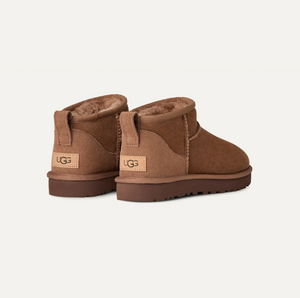 La Classic Ultra Mini est l’un de nos modèles Classic les plus prisés. Indéniablement tendance, elle présente une tige basse qui permet de l’enfiler et de la retirer rapidement. Pré-traité pour afficher une allure impeccable au fil du temps, ce modèle Classic incorpore tous vos éléments préférés présents sur la botte Classic : la peau de mouton iconique UGG et une semelle souple ultralégère. Ce produit a été fabriqué dans une usine qui soutient les femmes intervenant dans notre chaîne d’approvisionnement par le biais de HERproject. Cette initiative collaborative crée des partenariats avec des marques comme la nôtre pour valoriser et former les femmes sur le lieu de travail. La semelle extérieure de ce produit est soit en EVA issu de la canne à sucre, un composé responsable utilisant de la mousse de canne à sucre qui nous permet de réduire la dépendance aux combustibles fossiles en remplaçant l’éthylène à base de pétrole, soit en Treadlite by UGG™.
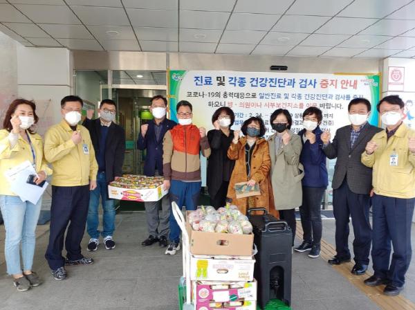 진주지역자활센터(센터장 김소형)는 지난 13일 오후 보건소 및 진주시 재난안전 대책본부 등 코로나19 확산 방지를 위해 힘쓰고 있는 곳을 찾아 100만원 상당의 컵과일 300개와 커피를 전달했다.
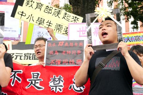 The TGEEA was joined by members from the Taiwan Tongzhi Hotline Association, the Taiwan Adolescent Association on Sexualities, the Gender/Sexuality Rights Association Taiwan and the Tong-Kwang Light House Presbyterian Church in a demonstration outside the Ministry of Education before heading to the prosecutors’ office.
::::::::::
Task requirements: Copy exactly, and copy only, the lines from the one bearing "진주지역자활센터(센터장 김소형)는 지난" through the closing line of the material, with both ends kept and pictures removed.

Exercise output:
 진주지역자활센터(센터장 김소형)는 지난 13일 오후 보건소 및 진주시 재난안전 대책본부 등 코로나19 확산 방지를 위해 힘쓰고 있는 곳을 찾아 100만원 상당의 컵과일 300개와 커피를 전달했다.
 The TGEEA was joined by members from the Taiwan Tongzhi Hotline Association, the Taiwan Adolescent Association on Sexualities, the Gender/Sexuality Rights Association Taiwan and the Tong-Kwang Light House Presbyterian Church in a demonstration outside the Ministry of Education before heading to the prosecutors’ office.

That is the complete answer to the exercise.